* **Work order**
Print, with no pictures, the exact lines that run from the one containing "Vývoj čumáku není" through the last line of the material below, both ends included.

* **Dataset content**
◇ ◇ ◇ ◇ ◇
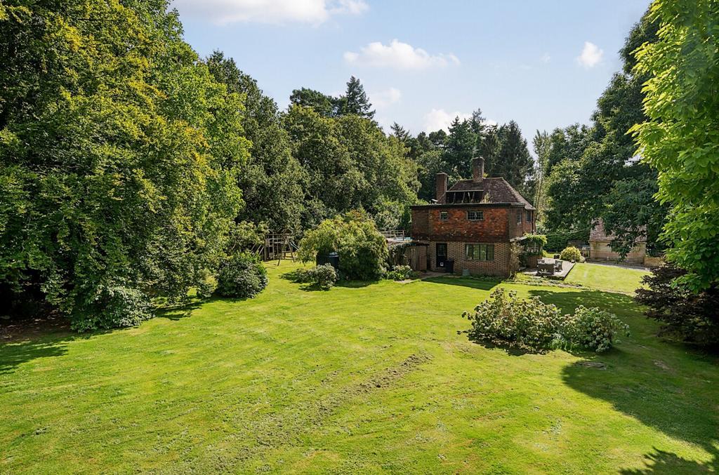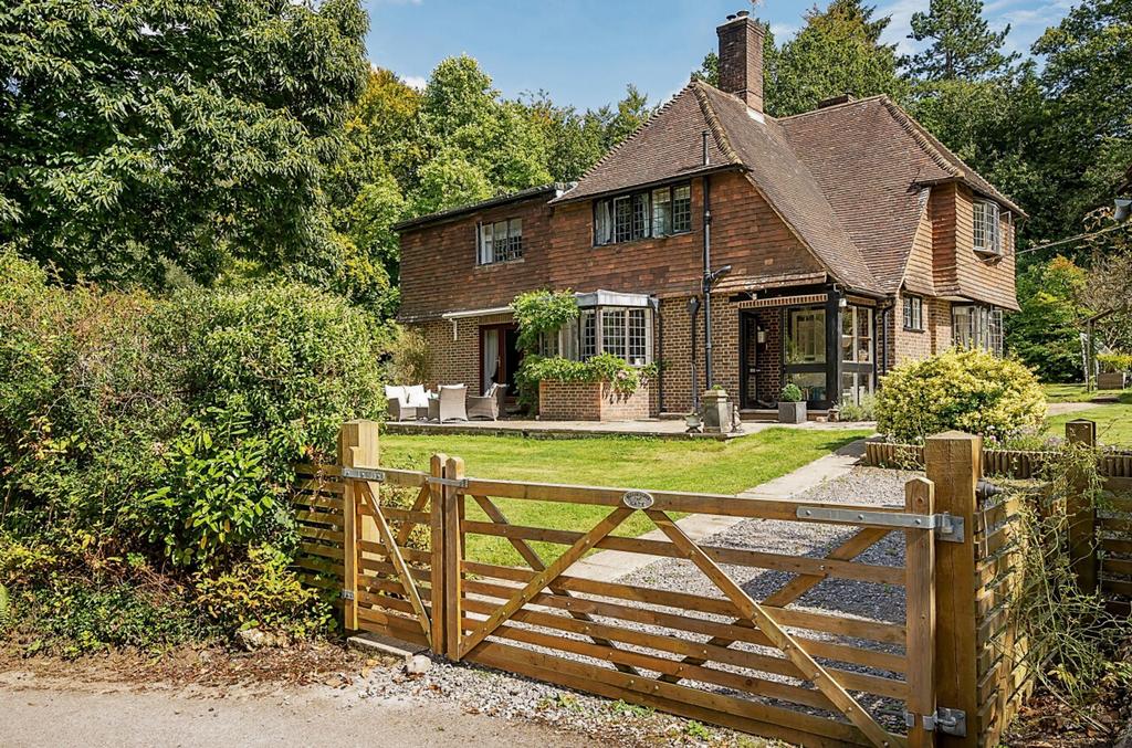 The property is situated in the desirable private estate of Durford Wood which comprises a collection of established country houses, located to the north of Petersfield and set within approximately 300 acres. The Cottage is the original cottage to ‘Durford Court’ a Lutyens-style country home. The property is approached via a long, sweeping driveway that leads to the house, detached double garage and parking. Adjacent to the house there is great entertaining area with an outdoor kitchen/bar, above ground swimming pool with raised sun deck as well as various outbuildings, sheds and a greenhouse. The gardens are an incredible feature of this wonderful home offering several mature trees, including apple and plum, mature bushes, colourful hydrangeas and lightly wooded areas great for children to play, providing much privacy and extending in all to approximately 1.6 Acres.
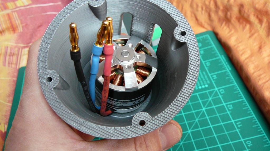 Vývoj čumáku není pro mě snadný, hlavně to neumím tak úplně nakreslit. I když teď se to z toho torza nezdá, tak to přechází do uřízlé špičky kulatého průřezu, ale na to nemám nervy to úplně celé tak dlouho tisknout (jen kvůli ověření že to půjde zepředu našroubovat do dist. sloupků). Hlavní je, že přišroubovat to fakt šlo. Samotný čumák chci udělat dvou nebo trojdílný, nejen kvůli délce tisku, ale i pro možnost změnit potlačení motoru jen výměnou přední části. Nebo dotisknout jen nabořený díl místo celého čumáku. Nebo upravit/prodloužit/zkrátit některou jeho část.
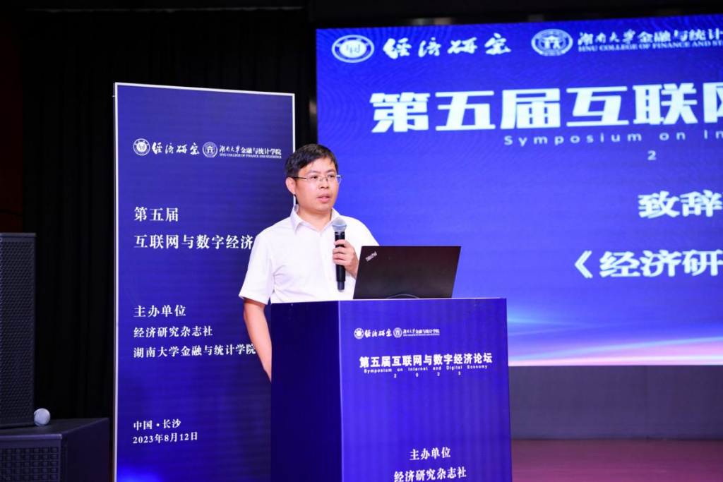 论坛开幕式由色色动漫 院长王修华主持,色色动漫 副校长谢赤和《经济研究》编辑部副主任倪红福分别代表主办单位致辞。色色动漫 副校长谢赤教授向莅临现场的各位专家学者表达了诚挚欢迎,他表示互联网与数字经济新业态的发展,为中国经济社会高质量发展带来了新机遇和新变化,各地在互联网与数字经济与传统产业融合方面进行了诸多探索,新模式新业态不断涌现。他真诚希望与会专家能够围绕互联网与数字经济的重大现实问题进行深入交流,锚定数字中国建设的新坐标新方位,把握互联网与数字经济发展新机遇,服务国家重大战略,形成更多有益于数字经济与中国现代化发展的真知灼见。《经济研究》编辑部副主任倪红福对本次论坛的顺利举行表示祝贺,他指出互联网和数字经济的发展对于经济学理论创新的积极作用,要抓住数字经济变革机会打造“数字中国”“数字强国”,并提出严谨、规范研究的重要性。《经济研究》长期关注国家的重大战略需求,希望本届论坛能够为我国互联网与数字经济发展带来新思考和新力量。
◇ ◇ ◇ ◇ ◇
* **Solution to this problem**
 Vývoj čumáku není pro mě snadný, hlavně to neumím tak úplně nakreslit. I když teď se to z toho torza nezdá, tak to přechází do uřízlé špičky kulatého průřezu, ale na to nemám nervy to úplně celé tak dlouho tisknout (jen kvůli ověření že to půjde zepředu našroubovat do dist. sloupků). Hlavní je, že přišroubovat to fakt šlo. Samotný čumák chci udělat dvou nebo trojdílný, nejen kvůli délce tisku, ale i pro možnost změnit potlačení motoru jen výměnou přední části. Nebo dotisknout jen nabořený díl místo celého čumáku. Nebo upravit/prodloužit/zkrátit některou jeho část.
 论坛开幕式由色色动漫 院长王修华主持,色色动漫 副校长谢赤和《经济研究》编辑部副主任倪红福分别代表主办单位致辞。色色动漫 副校长谢赤教授向莅临现场的各位专家学者表达了诚挚欢迎,他表示互联网与数字经济新业态的发展,为中国经济社会高质量发展带来了新机遇和新变化,各地在互联网与数字经济与传统产业融合方面进行了诸多探索,新模式新业态不断涌现。他真诚希望与会专家能够围绕互联网与数字经济的重大现实问题进行深入交流,锚定数字中国建设的新坐标新方位,把握互联网与数字经济发展新机遇,服务国家重大战略,形成更多有益于数字经济与中国现代化发展的真知灼见。《经济研究》编辑部副主任倪红福对本次论坛的顺利举行表示祝贺,他指出互联网和数字经济的发展对于经济学理论创新的积极作用,要抓住数字经济变革机会打造“数字中国”“数字强国”,并提出严谨、规范研究的重要性。《经济研究》长期关注国家的重大战略需求,希望本届论坛能够为我国互联网与数字经济发展带来新思考和新力量。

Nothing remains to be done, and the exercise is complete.